We now resume the correspondence of Cowper, which contains some incidental notices of his admired Poems of Friendship and Retirement.
TO THE REV. JOHN NEWTON.[119]
Olney, Dec. 17, 1781.
My dear Friend—The poem I had in hand when I wrote last is on the subject of Friendship. By the following post I received a packet from Johnson. The proof-sheet it contained brought our business down to the latter part of "Retirement;" the next will consequently introduce the first of the smaller pieces. The volume consisting, at least four-fifths of it, of heroic verse as it is called, and graver matter, I was desirous to displace the "Burning Mountain"[120] from the post it held in the van of the light infantry, and throw it into the rear. Having finished "Friendship," and fearing that, if I delayed to send it, the press would get the start of my intention, and knowing perfectly that, with respect to the subject and the subject matter of it, it contained nothing that you would think exceptionable, I took the liberty to transmit it to Johnson, and hope that the next post will return it to me printed. It consists of between thirty and forty stanzas; a length that qualifies it to supply the place of the two cancelled pieces, without the aid of the epistle I mentioned. According to the present arrangement, therefore, "Friendship," which is rather of a lively cast, though quite sober, will follow next after "Retirement," and "Ætna" will close the volume. Modern naturalists, I think, tell us that the volcano forms the mountain. I shall be charged therefore, perhaps, with an unphilosophical error in supposing that Ætna was once unconscious of intestines fires, and as lofty as at present before the commencement of the eruptions. It is possible, however, that the rule, though just in some instances, may not be of universal application; and, if it be, I do not know that a poet is obliged to write with a philosopher at his elbow, prepared always to bend down his imagination to mere matters of fact. You will oblige me by your opinion; and tell me, if you please, whether you think an apologetical note may be necessary; for I would not appear a dunce in matters that every Review reader must needs be apprized of. I say a note, because an alteration of the piece is impracticable; at least without cutting off its head, and setting on a new one; a task I should not readily undertake, because the lines which must, in that case, be thrown out, are some of the most poetical in the performance.
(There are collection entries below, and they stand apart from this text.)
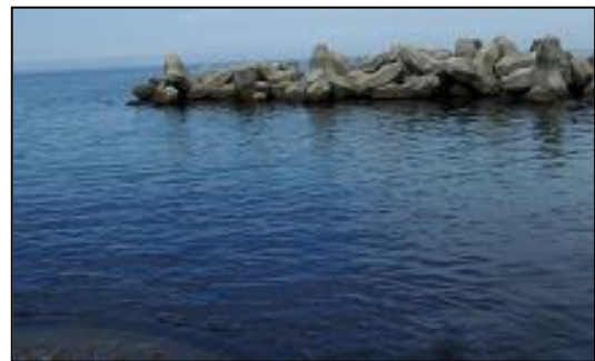
図 2：調査地点の風景

調査は、海況によって出現魚種に差が出たり、濁りによる視界不良を避けるために、なるべく海が穏やかで透視度が高い日の午前中に行った。シュノーケリング、スクーバを用い、波消ブロックからエントリーして沖に向かい、1 周約 130m のコースを反時計まわりに進んだ。その際、目に入った魚種をおおまかな個体数とともに記録し、併せて表層水温を計測した。種の同定は目視によるが、判別が困難な場合は、写真を岡村・尼岡（1997）と照らし合わせて判断した。
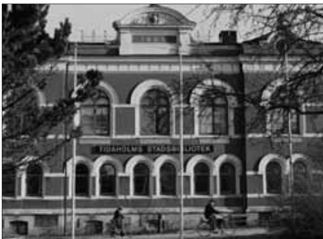
Vulcans biblioteks- och skolhus byggdes åt fabriken anställda i slutet av 1800-talet. Huset togs efterhand över av kommunen och köptes slutligen för en krona 1980.
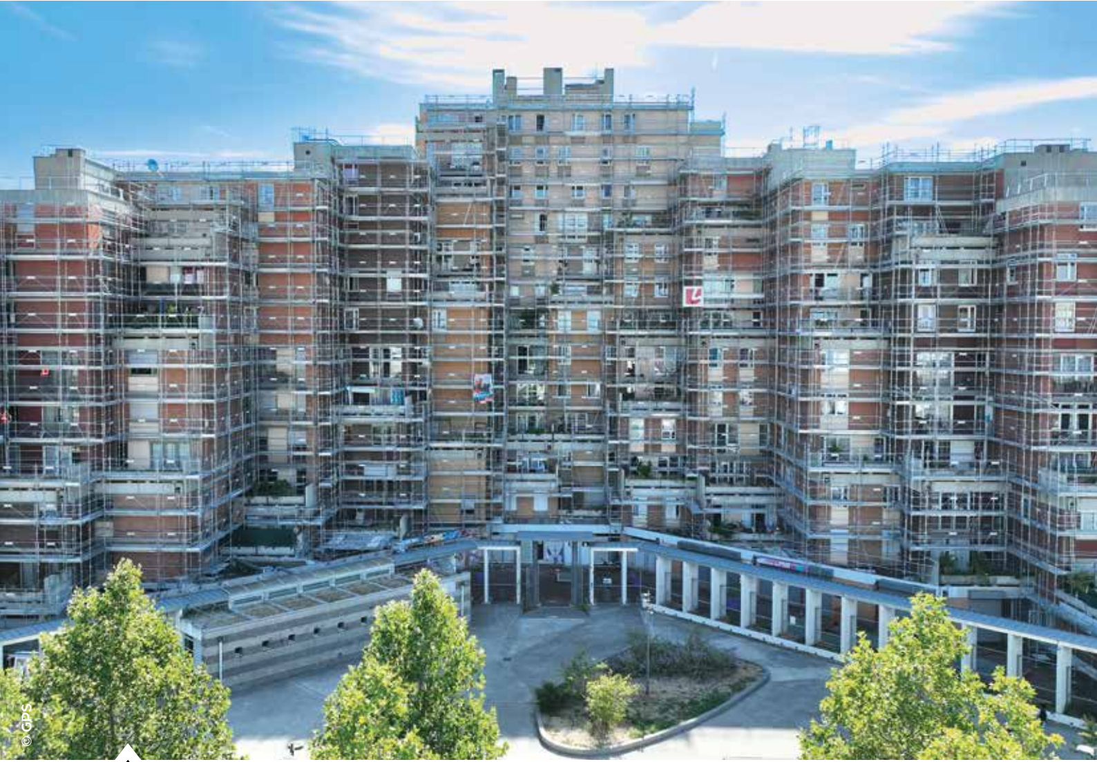
Le quartier historique des Pyramides est au cœur d'un vaste programme de transformation urbaine. Un chantier mené non loin de la place Jules Vallès, elle-même repensée.

Possessing greater advantages, and being equally dissolute with the most abandoned of the neighbouring nations, we are certainly more criminal than they. They cannot see, and we will not. It is to be expected, therefore, that when judgment is walking through the earth, it will come commissioned with the heaviest tidings to the people chargeable with the most perverseness. In the latter part of the Duke of Newcastle's administration, all faces gathered blackness. The people, as they walked the streets, had, every one of them, a countenance like what we may suppose to have been the prophet Jonah's, when he cried, "Yet forty days, and Nineveh shall be destroyed." But our Nineveh too repented, that is to say, she was affected in a manner somewhat suitable to her condition. She was dejected; she learned an humbler language, and seemed, if she did not trust in God, at least to have renounced her confidence in herself. A respite ensued; the expected ruin was averted; and her prosperity became greater than ever. Again she became self-conceited and proud, as at the first; and how stands it with our Nineveh now? Even as you say; her distress is infinite, her destruction appears inevitable, and her heart as hard as the nether millstone. Thus, I suppose, it was when ancient Nineveh found herself agreeably disappointed; she turned the grace of God into lasciviousness, and that flagrant abuse of mercy exposed her, at the expiration of forty years, to the complete execution of a sentence she had only been threatened with before. A similarity of events, accompanied by a strong similarity of conduct, seems to justify our expectations that the catastrophe will not be very different. But, after all, the designs of Providence are inscrutable, and, as in the case of individuals, so in that of nations, the same causes do not always produce the same effects. The country indeed cannot be saved in its present state of profligacy and profaneness, but may, nevertheless, be led to repentance by means we are little aware of, and at a time when we least expect it.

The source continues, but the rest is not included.